Your objective: Filter out all lines without the word "that" from the data below, please, and copy the rest.

Data shown:
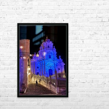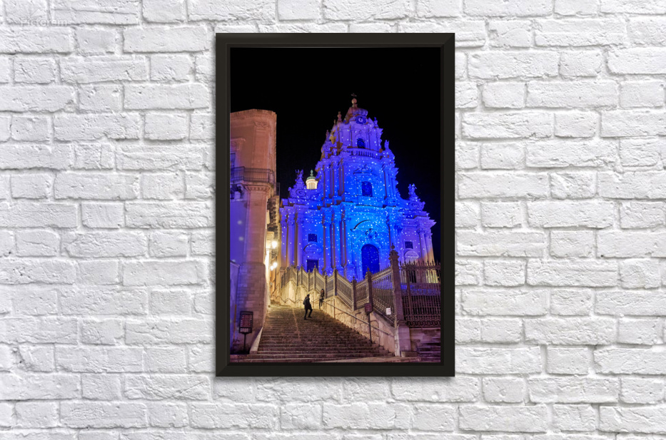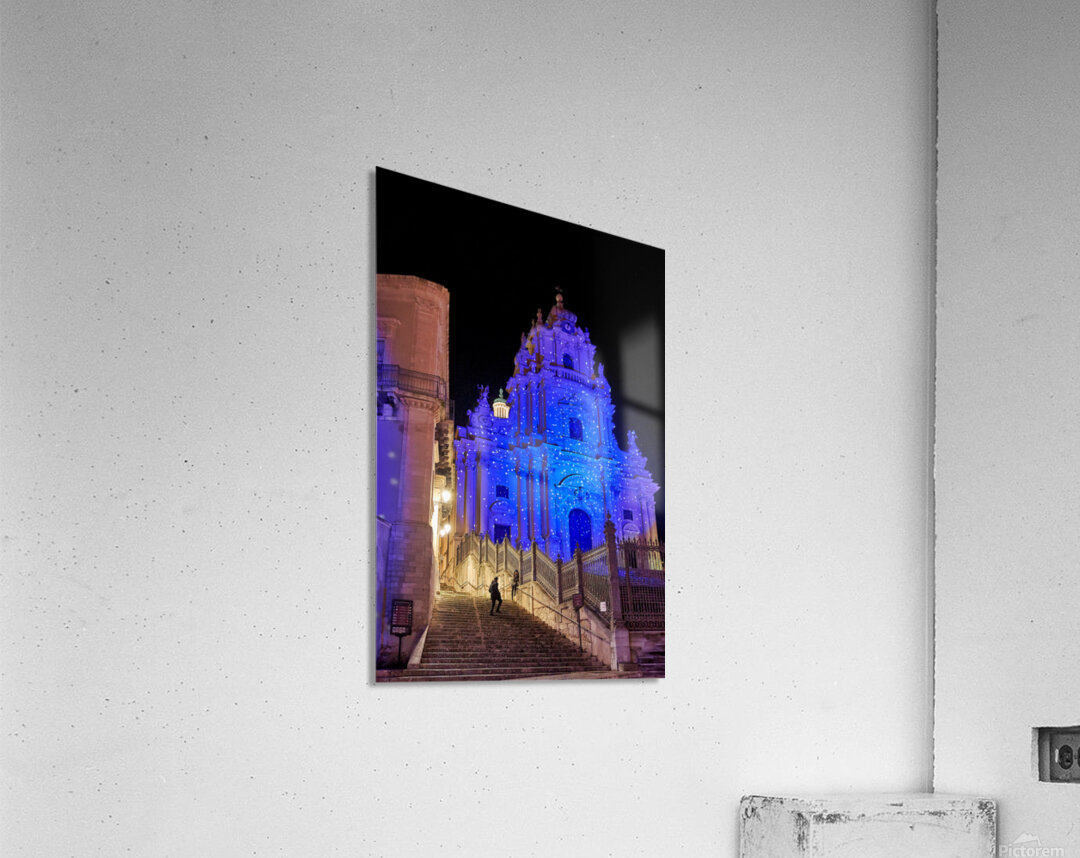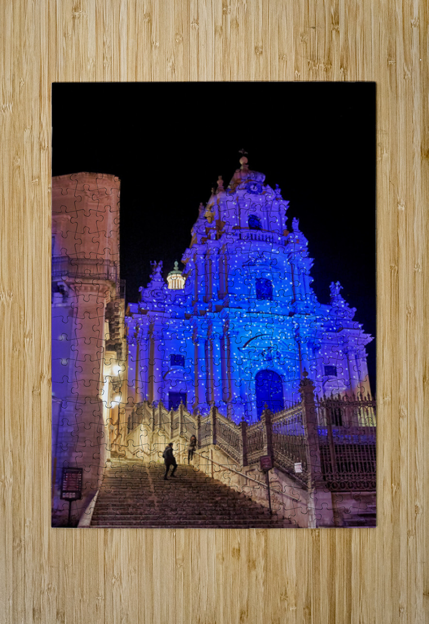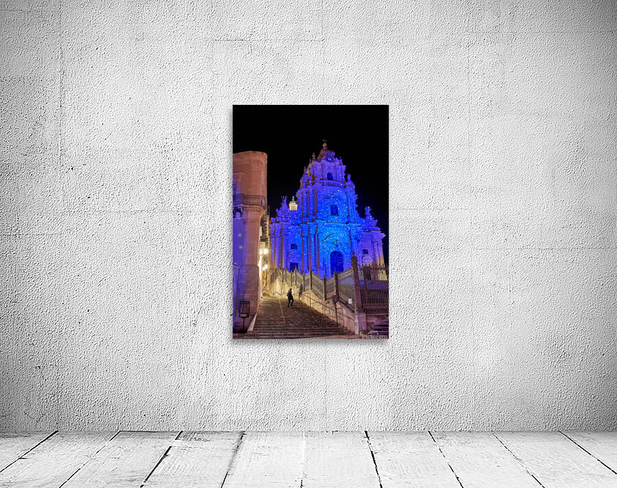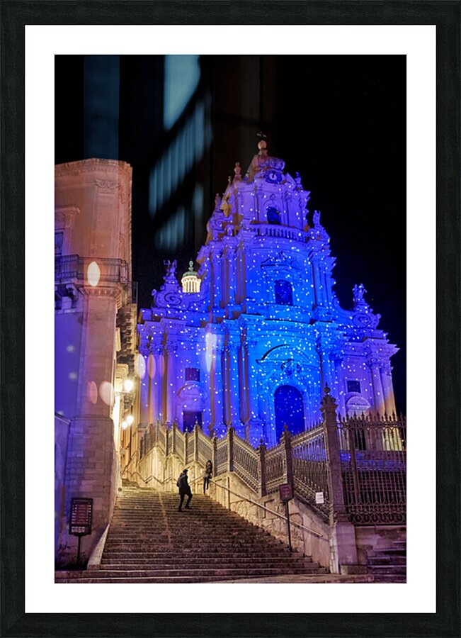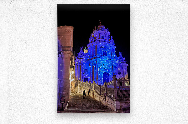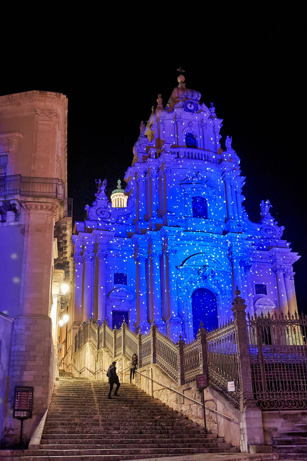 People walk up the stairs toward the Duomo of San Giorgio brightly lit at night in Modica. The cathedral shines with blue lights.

* * *

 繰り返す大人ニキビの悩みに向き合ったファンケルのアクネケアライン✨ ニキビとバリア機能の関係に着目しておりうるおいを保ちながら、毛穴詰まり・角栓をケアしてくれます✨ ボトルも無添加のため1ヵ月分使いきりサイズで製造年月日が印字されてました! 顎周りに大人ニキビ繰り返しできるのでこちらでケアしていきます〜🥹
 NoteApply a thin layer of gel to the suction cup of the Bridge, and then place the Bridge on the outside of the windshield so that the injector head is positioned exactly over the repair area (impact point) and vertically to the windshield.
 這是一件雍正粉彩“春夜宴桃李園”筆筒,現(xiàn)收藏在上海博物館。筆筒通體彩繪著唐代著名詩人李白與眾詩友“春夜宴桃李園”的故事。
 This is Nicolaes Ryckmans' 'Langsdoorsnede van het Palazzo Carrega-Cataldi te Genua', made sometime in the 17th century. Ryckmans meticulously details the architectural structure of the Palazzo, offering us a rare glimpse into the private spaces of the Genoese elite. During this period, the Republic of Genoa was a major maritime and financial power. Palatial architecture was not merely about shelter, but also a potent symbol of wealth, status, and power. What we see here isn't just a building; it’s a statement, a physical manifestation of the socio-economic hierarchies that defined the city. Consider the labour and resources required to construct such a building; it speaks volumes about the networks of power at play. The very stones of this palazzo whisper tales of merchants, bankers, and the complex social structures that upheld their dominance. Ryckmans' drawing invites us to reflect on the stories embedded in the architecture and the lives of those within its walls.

Final answer:
 NoteApply a thin layer of gel to the suction cup of the Bridge, and then place the Bridge on the outside of the windshield so that the injector head is positioned exactly over the repair area (impact point) and vertically to the windshield.
 This is Nicolaes Ryckmans' 'Langsdoorsnede van het Palazzo Carrega-Cataldi te Genua', made sometime in the 17th century. Ryckmans meticulously details the architectural structure of the Palazzo, offering us a rare glimpse into the private spaces of the Genoese elite. During this period, the Republic of Genoa was a major maritime and financial power. Palatial architecture was not merely about shelter, but also a potent symbol of wealth, status, and power. What we see here isn't just a building; it’s a statement, a physical manifestation of the socio-economic hierarchies that defined the city. Consider the labour and resources required to construct such a building; it speaks volumes about the networks of power at play. The very stones of this palazzo whisper tales of merchants, bankers, and the complex social structures that upheld their dominance. Ryckmans' drawing invites us to reflect on the stories embedded in the architecture and the lives of those within its walls.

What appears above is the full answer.